- [Exercise description]: Beginning with the line that contains "Sukienka welurowa z" and ending with the line that contains "An aerial drone", reproduce the lines of the entries below exactly, omitting pictures.

-------- Data in this exercise

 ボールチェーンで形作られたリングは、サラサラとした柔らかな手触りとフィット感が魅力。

----------------
-------- Data in this exercise

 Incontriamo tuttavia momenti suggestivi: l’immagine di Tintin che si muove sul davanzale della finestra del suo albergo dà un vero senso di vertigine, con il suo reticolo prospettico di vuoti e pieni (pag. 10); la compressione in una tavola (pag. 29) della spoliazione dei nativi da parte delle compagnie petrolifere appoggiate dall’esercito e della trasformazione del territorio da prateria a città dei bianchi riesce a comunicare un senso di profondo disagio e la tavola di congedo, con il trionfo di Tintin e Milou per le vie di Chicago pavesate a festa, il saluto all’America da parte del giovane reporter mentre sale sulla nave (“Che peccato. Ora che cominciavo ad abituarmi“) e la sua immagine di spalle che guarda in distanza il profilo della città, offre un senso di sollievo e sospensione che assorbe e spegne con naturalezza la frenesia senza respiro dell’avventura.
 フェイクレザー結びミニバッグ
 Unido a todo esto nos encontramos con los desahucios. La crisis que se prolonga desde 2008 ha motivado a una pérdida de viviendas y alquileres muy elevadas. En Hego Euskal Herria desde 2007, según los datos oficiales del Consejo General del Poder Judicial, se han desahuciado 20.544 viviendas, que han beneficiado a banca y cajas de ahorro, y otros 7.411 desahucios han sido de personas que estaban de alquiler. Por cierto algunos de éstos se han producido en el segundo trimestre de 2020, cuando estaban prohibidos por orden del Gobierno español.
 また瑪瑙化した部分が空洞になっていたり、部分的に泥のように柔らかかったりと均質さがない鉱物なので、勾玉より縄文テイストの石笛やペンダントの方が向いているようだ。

----------------
-------- Data in this exercise

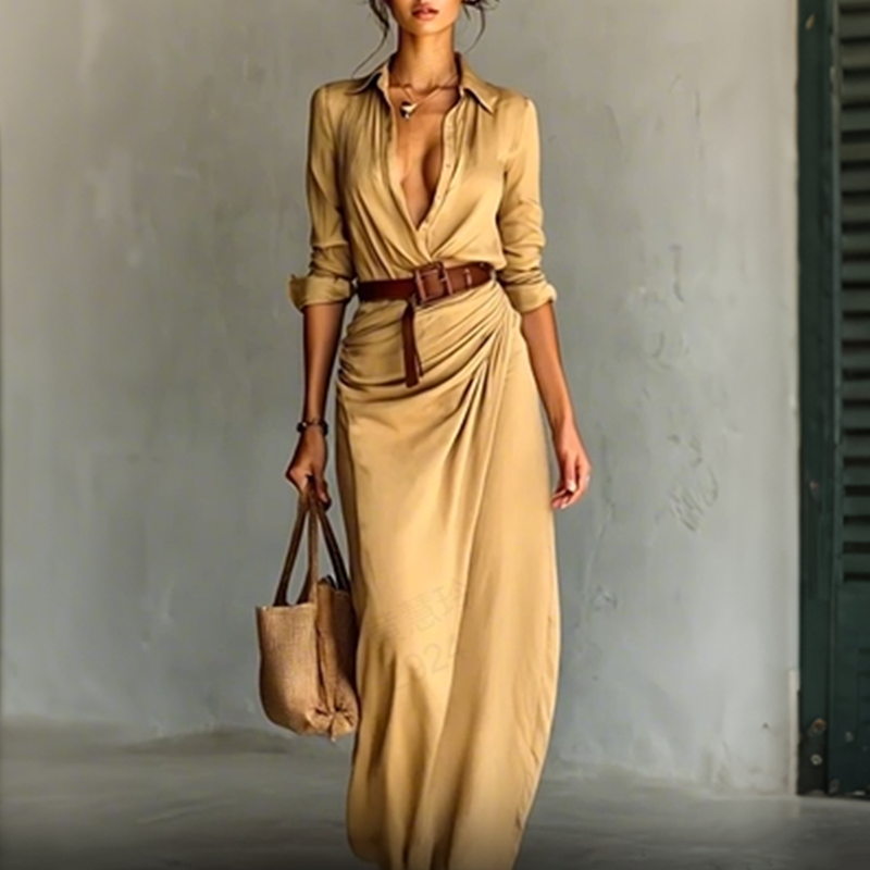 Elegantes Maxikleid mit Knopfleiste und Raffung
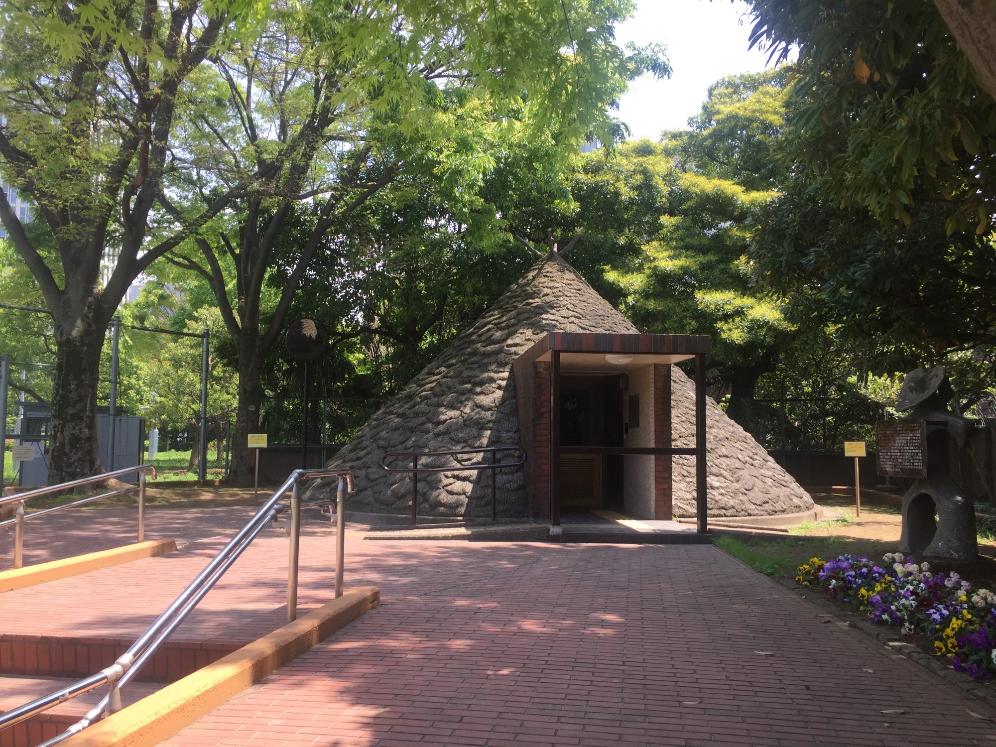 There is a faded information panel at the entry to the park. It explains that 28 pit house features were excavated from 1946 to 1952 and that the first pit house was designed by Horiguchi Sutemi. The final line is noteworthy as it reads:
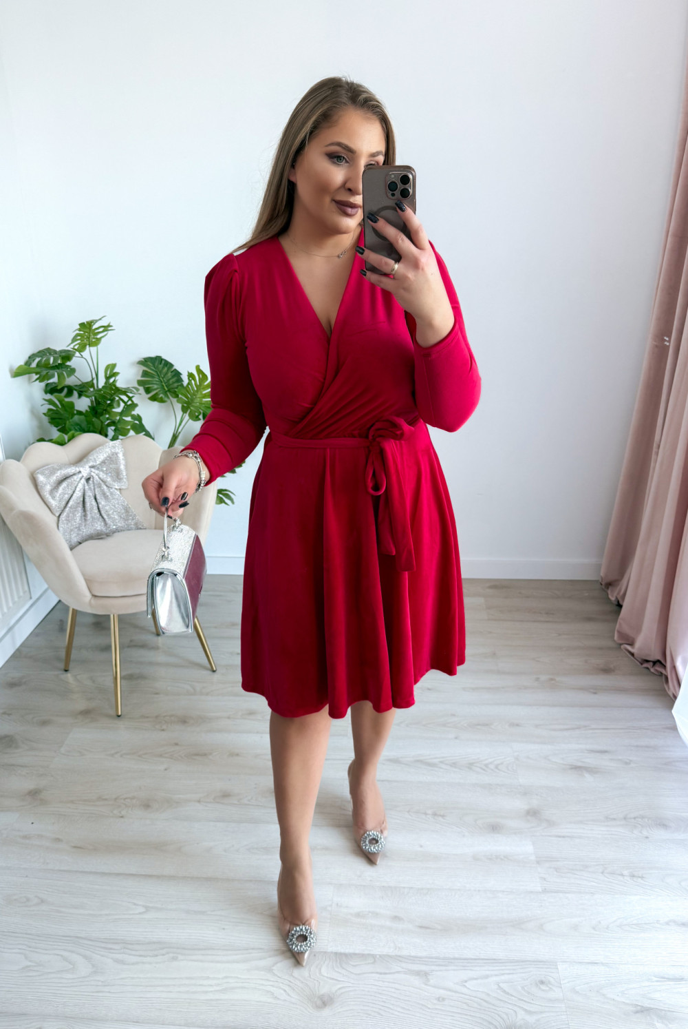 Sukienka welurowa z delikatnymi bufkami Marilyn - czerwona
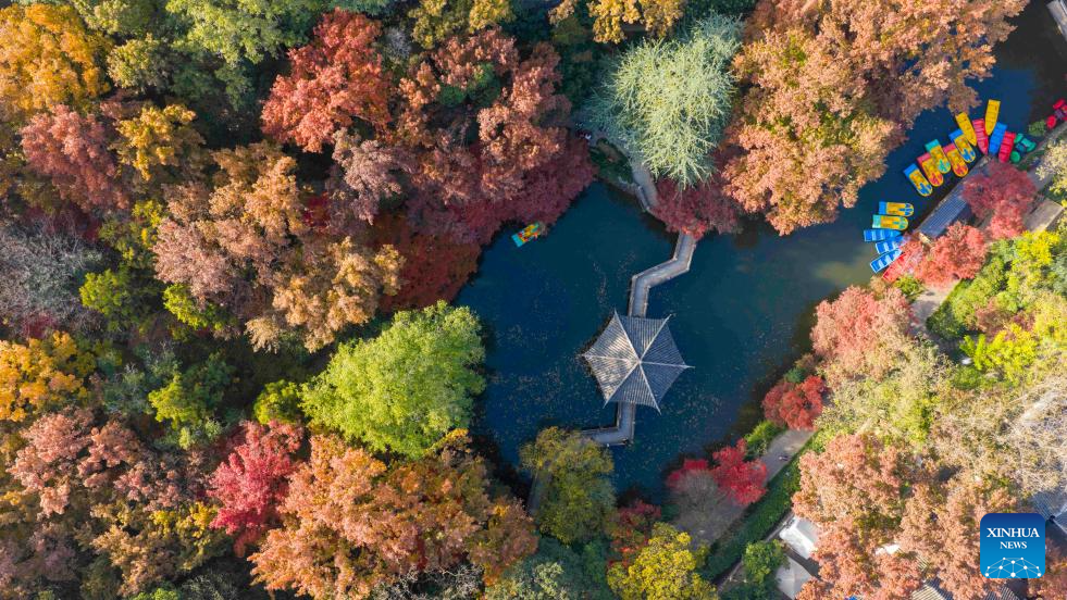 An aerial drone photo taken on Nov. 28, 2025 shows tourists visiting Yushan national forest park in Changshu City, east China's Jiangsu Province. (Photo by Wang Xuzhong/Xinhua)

----------------

- [Output for this exercise]:
 Sukienka welurowa z delikatnymi bufkami Marilyn - czerwona
 An aerial drone photo taken on Nov. 28, 2025 shows tourists visiting Yushan national forest park in Changshu City, east China's Jiangsu Province. (Photo by Wang Xuzhong/Xinhua)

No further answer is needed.